Раненный в ходе этого боя в руку,[24] Бюсси тем не менее отбился от нападающих, и снова в честь возлюбленной полились стихи:

Как бы ни желал я отомстить, Ранить, обесчестить иль убить. Принести вам кровь моих врагов, — Знаю я, что никакая месть Не воздаст вам должное за честь, Страх всегда преследует любовь.

В конце концов неукротимый дух, неистощимая и бесстрашная бравада Бюсси надоели королю, а его неуемное честолюбие вызвало даже ревность.

— Уж это чересчур! — воскликнул король, наблюдая из окна, как добрых две сотни дворян с веселым гиканьем сопровождали Бюсси — ни дать ни взять почетный эскорт.

И баловню короля было приказано покинуть Париж. Перед тем как исполнить его волю, любовник Маргариты попросил Брантома поклониться его даме, в честь которой «он носил два доказательства своей преданности, одно на шляпе, другое на груди»: после боя с наемными убийцами его рука висела на перевязи, сделанной из подаренного возлюбленной шарфа.
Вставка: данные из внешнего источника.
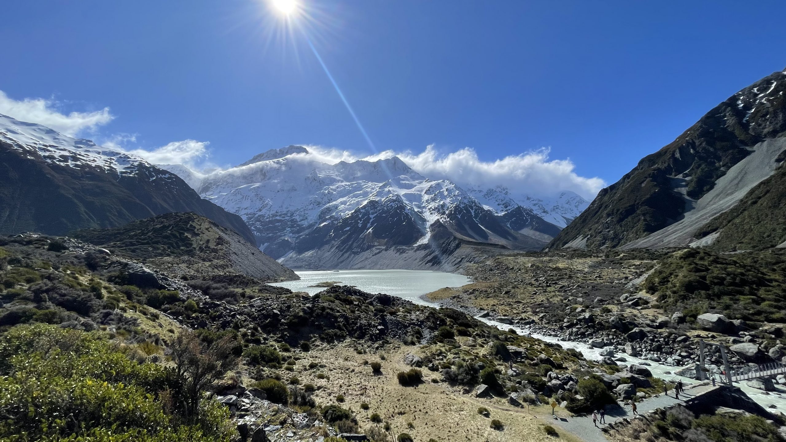 Dieser Parkplatz ist Ausgangspunkt für mehrere große und kleine Wanderungen, von denen wir uns direkt ein paar vorgenommen haben. Viele der Wege führen über einen der Gletscherflüsse, die deshalb von Hängebrücken überspannt werden. Leider wurden einige dieser Brücken durch heftige Regenfälle vor einigen Jahren instabil oder gänzlich unbegehbar, weshalb der bekannteste Wanderweg in dieser Gegend bei unserem Besuch noch gesperrt war. Wir sind trotzdem so weit gegangen, wie es möglich war und haben auch so ein paar tolle Aussichtspunkte sehen können. Ein Highlight dieser ist ohne Frage der Mount Cook bzw. Aoraki. Er ist mit 3.724 Metern nicht nur der höchste Gipfel in der Umgebung, sondern auch die höchste Erhebung Neuseelands. Dieser Berg hat dem Nationalpark auch seinen Namen gegeben, was er als höchster Berg durchaus verdient hat!

Что до Алансона, то и он жил одной мечтой: покинуть двор и бежать в герцогство Анжуйское. 15 сентября 1575 года закутанный в плащ человек с изрытым оспой лицом преспокойно вышел из Лувра, добрался до ворот Сент-Оноре, где стояла карета, а оттуда — до аббатства Сен-Жермен-де-Пре, где его ждал верный Бюсси. Монастырская ограда в то время была составной частью городской стены. Через проделанную в ней дыру Алансон выбрался из города и поскакал в направлении Эвре. Несколько дней спустя он был уже на берегах Луары.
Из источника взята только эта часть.